If you have never seen linear algebra before, the right strategy is to read §2.2 and §2.3 carefully, those two sections, together with the examples above, will carry you a long way, and then to skim §2.4 through §2.13 for orientation, returning when later chapters call on a specific result.

What you should take away

Five points to carry forward from this section into the rest of the book.

Linear algebra is the lingua franca of AI. Every architecture, every algorithm, every trained model in this textbook is, at the level of executed computation, a sequence of vector and matrix operations.
Data are vectors; transformations are matrices. The first step in any AI system is to encode the input, text, image, sound, table, as a vector of numbers. The next step is to apply matrices that transform those numbers into useful predictions.

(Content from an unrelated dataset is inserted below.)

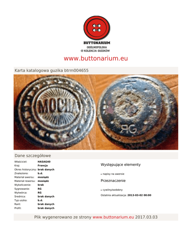 www.buttonarium.eu Karta katalogowa guzika btrm004655 Dane szczegółowe Właściciel: HASAG40 Kraj: Francja Występujące elementy Okres historyczny: brak danych Znaleziono: b.d. Materiał awersu: mosiądz Materiał rewersu: mosiądz Wykończenie: brak Sygnowanie: RG Wytwórca: RG Średnica: brak danych Typ uszka: b.d. Rant: brak danych Profil: brak danych ● napisy na awersie Przeznaczenie ● cywilny/ozdobny Ostatnia aktualizacja: 2013-03-02 00:00 Plik wygenerowano ze strony www.buttonarium.eu 2017.03.03 Opis guzika btrm004655 Guzik z napisem MOCHA na awersie, rewers sygnowany: (znak graficzny zawierający literę T) (motyw geometryczny) RG - litera R zwrócona w lewą stronę (motyw geometryczny). Jest to guzik wyprodukowany przez firmę Raymond (obecnie A Raymond, czyli AlbertPierre Raymond) z Grenoble, miejscowości we francuskich Alpach. Litery RG mogą oznaczać Raymond Grenoble lub Raymond Güttin współwłaściciel firmy w początkowym okresie (1865-1892). Firma została założona w 1865 roku i istnieje do dzisiaj, jej obiektem zainteresowania są różnego rodzaju produkty do mocowania i łączenia (w tym guziki i zatrzaski). Firma znana jest m.in. w motoryzacji, medycynie, budownictwie, rolnictwie, energetyce i przemyśle. W 1995 roku otworzono punkty sprzedaży wyrobów firmy Raymond w Polsce. Mottem firmy jest: more than fastening, czyli więcej niż mocowanie. Wytwórca: RG Opis tego wytwórcy jest jeszcze w trakcie opracowania. Plik wygenerowano ze strony www.buttonarium.eu 2017.03.03

The dot product is the most-used operation. Whether you are scoring a spam email, computing one entry of a matrix product, or measuring similarity between two embeddings, the dot product is doing the work.

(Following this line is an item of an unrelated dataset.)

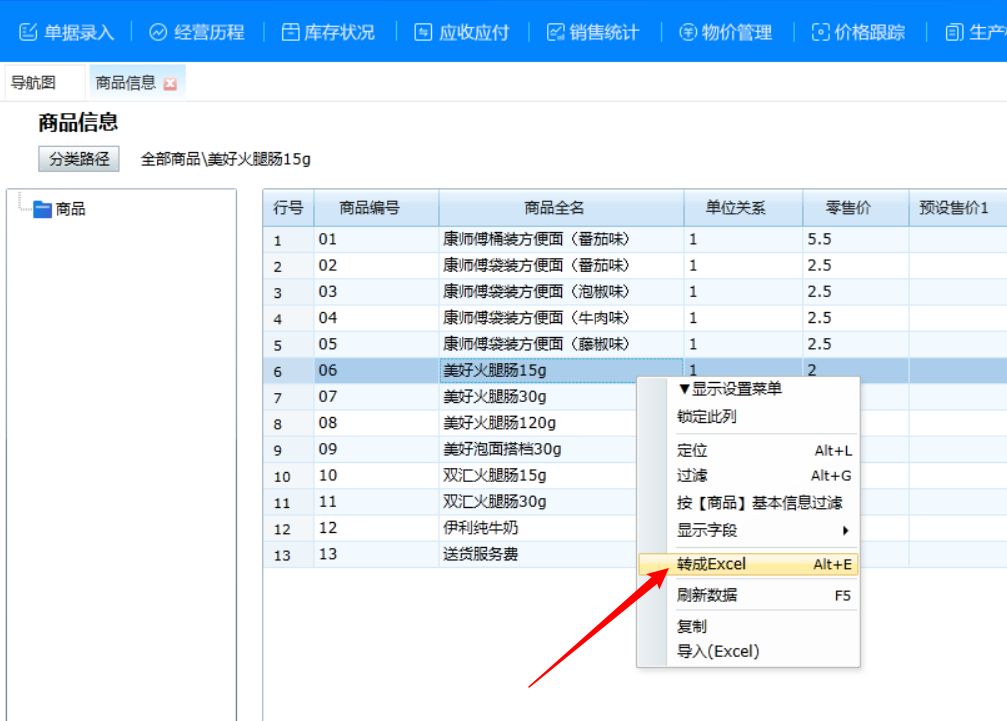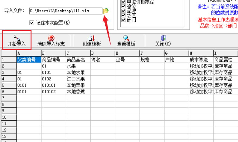 以輝煌ERP為例,在管家婆軟件的部分軟件中的基本信息主要包括了:基本信息 > 打開商品信息 > 點(diǎn)擊右鍵 > 轉(zhuǎn)成Excel > 導(dǎo)出數(shù)據(jù)基本信息 > 打開商品信息 > 點(diǎn)擊右下角打印 > 導(dǎo)出數(shù)據(jù)需要注意的是,其他基本信息的導(dǎo)出步驟也是如此,如存在分級的情況,則需要點(diǎn)擊右下方中的列表,將信息完全顯示后再導(dǎo)出。基本信息的導(dǎo)入包括:倉庫信息、商品信息、單位信息和庫存信息在輔助功能創(chuàng)建模板—導(dǎo)入導(dǎo)出—導(dǎo)入基本信息—創(chuàng)建模板—選擇模板保存路徑并命名,如:導(dǎo)入信息模板,點(diǎn)擊【保存】,創(chuàng)建模板即可。(模板中的字段不可修改,否則會出現(xiàn)導(dǎo)入失敗的情況!)在大類商品編號為01,名稱為水果,把水果進(jìn)行分類,分為本地水果和進(jìn)口水果,商品編號0101,商品名稱為本地水果,和編號0102,商品名稱進(jìn)口水果。再將本地水果進(jìn)行分類,分為本地蘋果和香蕉,商品編號為010101,商品名稱為本地蘋果,商品編號010102。 1 輔助功能—導(dǎo)入導(dǎo)出—導(dǎo)入基本信息—導(dǎo)入數(shù)據(jù)選擇模板所在路徑—雙擊文件—打開—【導(dǎo)入數(shù)據(jù)】 3 提示導(dǎo)入完成—基本信息—商品信息查詢期初庫存有數(shù)量,是否支持在開賬前覆蓋導(dǎo)入或追加導(dǎo)入庫存數(shù)量?

Modern hardware is built for matrix multiplication. GPUs, TPUs, and NPUs are physical implementations of fast matrix arithmetic, and the 100-times speed advantage shapes which algorithms become practical.
Everything else is detail. Norms, ranks, eigenvalues, decompositions, derivatives, all the apparatus of the rest of this chapter, exists to analyse, accelerate, and stabilise the basic pattern of vectors transformed by matrices.